I started by going through some of the solutions in Erik's excellent answer. For this one:

SELECT SUM(Records)
FROM 
(
    SELECT COUNT(Id)
    FROM dbo.Users AS u
    WHERE u.Age < 18

    UNION ALL

    SELECT COUNT(Id)
    FROM dbo.Users AS u
    WHERE u.Age IS NULL
) x (Records);

I got the following results from sys.dm_exec_sessions over 10 trials (the query naturally went parallel for me):

╔══════════╦════════════════════╦═══════════════╗
║ cpu_time ║ total_elapsed_time ║ logical_reads ║
╠══════════╬════════════════════╬═══════════════╣
║     3532 ║                975 ║         60830 ║
╚══════════╩════════════════════╩═══════════════╝

The query that worked better for Erik actually actually performed worse on my machine:

SELECT SUM(Records)
FROM 
(
    SELECT 1
    FROM dbo.Users AS u
    WHERE u.Age < 18

    UNION ALL

    SELECT 1
    FROM dbo.Users AS u
    WHERE u.Age IS NULL
) x (Records)   
OPTION(QUERYTRACEON 8649);

Results from 10 trials:

╔══════════╦════════════════════╦═══════════════╗
║ cpu_time ║ total_elapsed_time ║ logical_reads ║
╠══════════╬════════════════════╬═══════════════╣
║     5704 ║               1636 ║         60850 ║
╚══════════╩════════════════════╩═══════════════╝

I'm not immediately able to explain why it's that bad, but it's not clear why we want to force nearly every operator in the query plan to go parallel. In the original plan we have a serial zone that finds all rows with AGE < 18. There are only a few thousand rows. On my machine I get 9 logical reads for that part of the query and 9 ms of reported CPU time and elapsed time. There's also a serial zone for the global aggregate for the rows with AGE IS NULL but that only processes one row per DOP. On my machine this is just four rows.

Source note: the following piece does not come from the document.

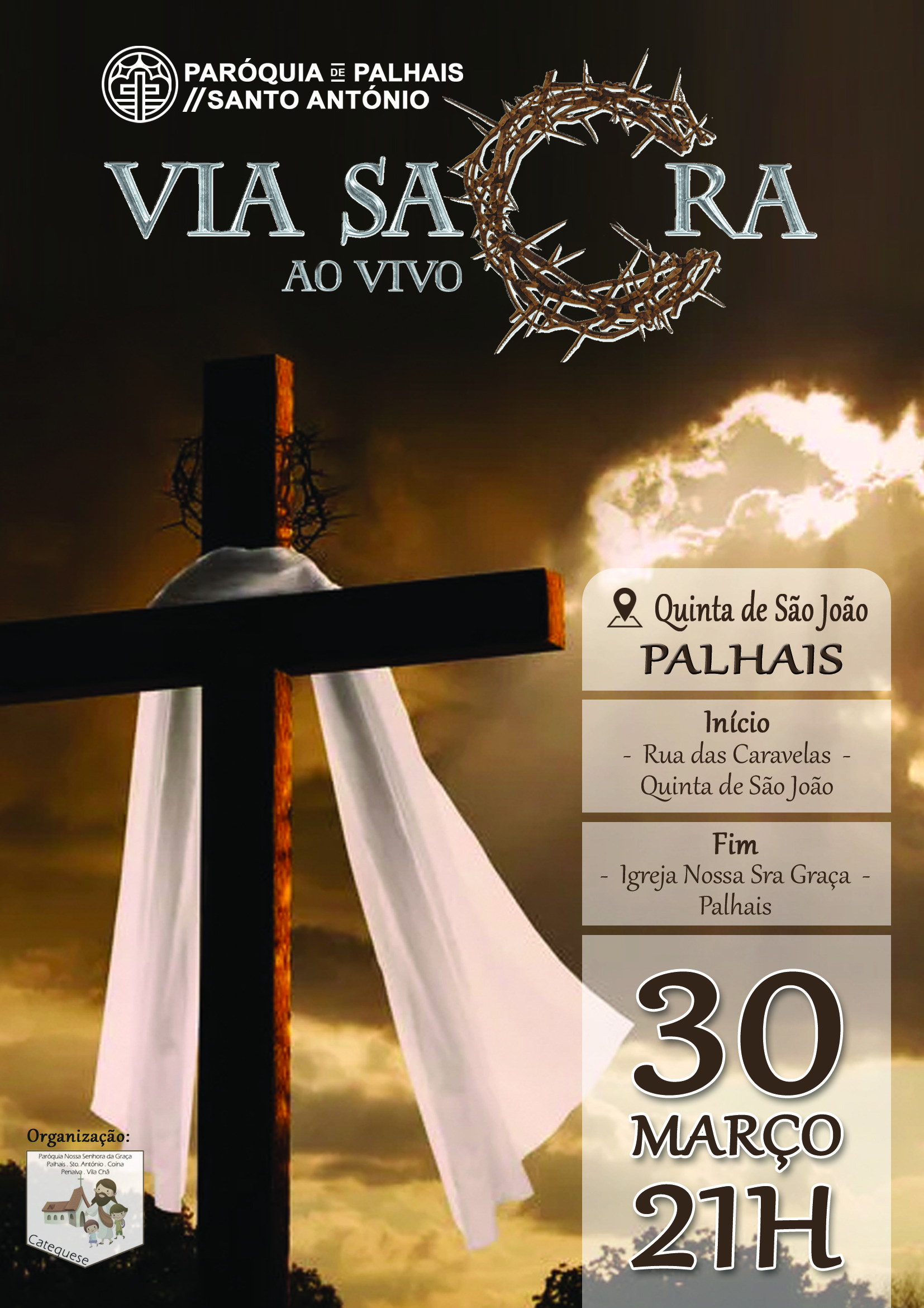 No próximo dia 30 de março, pelas 21:00, irá realizar-se a Via Sacra ao Vivo, na Paróquia de Palhais/Santo António.

My takeaway is that it's most important to optimize the part of the query that finds rows with a NULL for Age because there are millions of those rows. I wasn't able to create an index with less pages that covered the data than a simple page-compressed one on the column. I assume that there's a minimum index size per row or that a lot of the index space cannot be avoided with the tricks that I tried. So if we're stuck with about the same number of logical reads to get the data then the only way to make it faster is to make the query more parallel, but this needs to be done in a different way than Erik's query that used TF 8649. In the query above we have a ratio of 3.62 for CPU time to elapsed time which is pretty good. The ideal would be a ratio of 4.0 on my machine.

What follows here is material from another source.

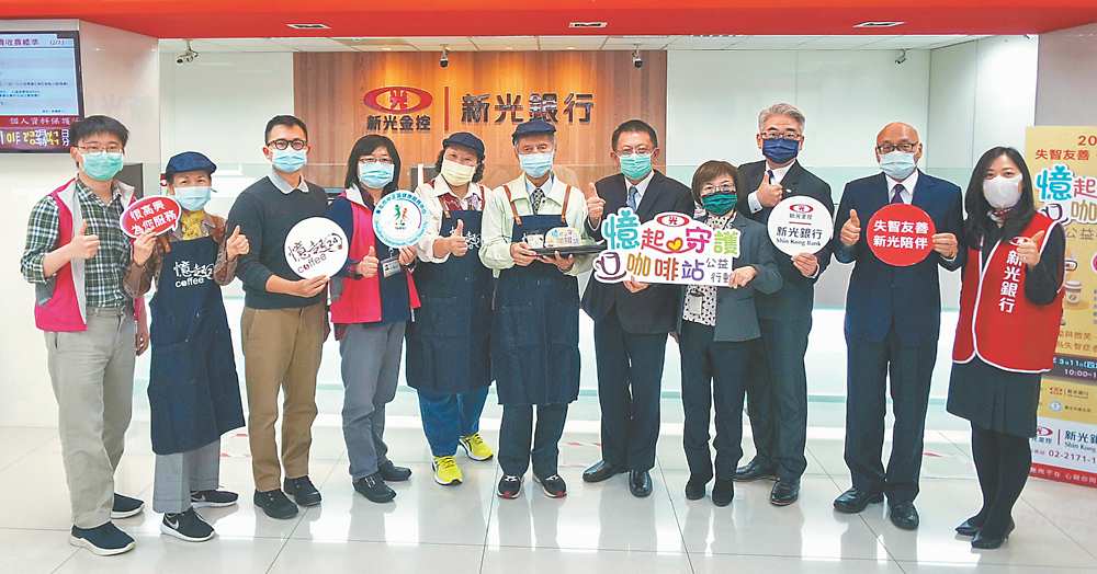 為讓輕度失智症長者能有較多社會參與的機會,以維持他們正常的人際關係與生活功能,新光銀行今年3月起與「臺北市中正區健康服務中心」合作舉辦「憶起守護咖啡站」公益行動,於所屬中正分行、城內分行之特定日期上午10點至12點,邀請輕度失智症長者及照顧者,一起來行擔任樂齡服務員及一日「高年級實習生」,藉由遞上一杯咖啡供來行辦理業務之民眾免費享用,重拾起職場回憶。

One possible area of improvement is to divide the work more evenly among threads. In the screenshot below we can see that one of my CPUs decided to take a little break:

lazy thread

Index scan is one of the few operators that can be implemented in parallel and we can't do anything about how the rows are distributed to threads. There's an element of chance to it as well but pretty consistently I saw one underworked thread. One way to work around this is to do parallelism the hard way: on the inner part of a nested loop join. Anything on the inner part of a nested loop will be implemented in a serial way but many serial threads can run concurrently. As long as we get a favorable parallel distribution method (such as round robin), we can control exactly how many rows are sent to each thread.

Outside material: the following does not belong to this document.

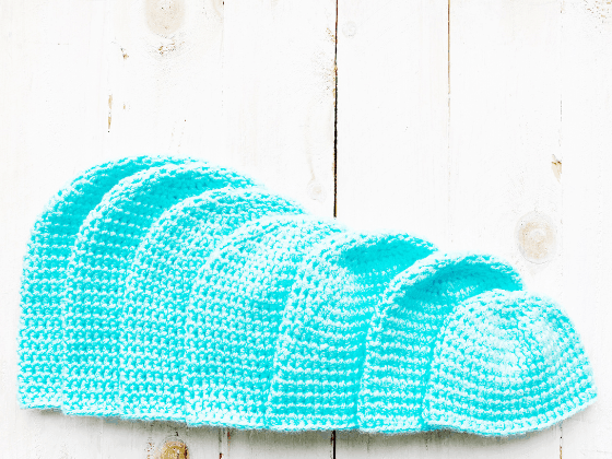 -Some of my sizes have a hat height that is shorter than the size chart recommends. I felt that some of the hats ended up being too tall. I based my opinion on my experience measuring hats for myself, my kids and my Etsy Shop customers. You can simply add a few more rounds of hdc if you want your hat to be taller.

I'm running queries with DOP 4 so I need to evenly divide the NULL rows in the table into four buckets. One way to do this is to create a bunch of indexes on computed columns:

ALTER TABLE dbo.Users
ADD Compute_bucket_0 AS (CASE WHEN Age IS NULL AND Id % 4 = 0 THEN 1 ELSE NULL END),
Compute_bucket_1 AS (CASE WHEN Age IS NULL AND Id % 4 = 1 THEN 1 ELSE NULL END),
Compute_bucket_2 AS (CASE WHEN Age IS NULL AND Id % 4 = 2 THEN 1 ELSE NULL END),
Compute_bucket_3 AS (CASE WHEN Age IS NULL AND Id % 4 = 3 THEN 1 ELSE NULL END);

CREATE INDEX IX_Compute_bucket_0 ON dbo.Users (Compute_bucket_0) WITH (DATA_COMPRESSION = PAGE);
CREATE INDEX IX_Compute_bucket_1 ON dbo.Users (Compute_bucket_1) WITH (DATA_COMPRESSION = PAGE);
CREATE INDEX IX_Compute_bucket_2 ON dbo.Users (Compute_bucket_2) WITH (DATA_COMPRESSION = PAGE);
CREATE INDEX IX_Compute_bucket_3 ON dbo.Users (Compute_bucket_3) WITH (DATA_COMPRESSION = PAGE);

I'm not quite sure why four separate indexes is a little faster than one index but that's one what I found in my testing.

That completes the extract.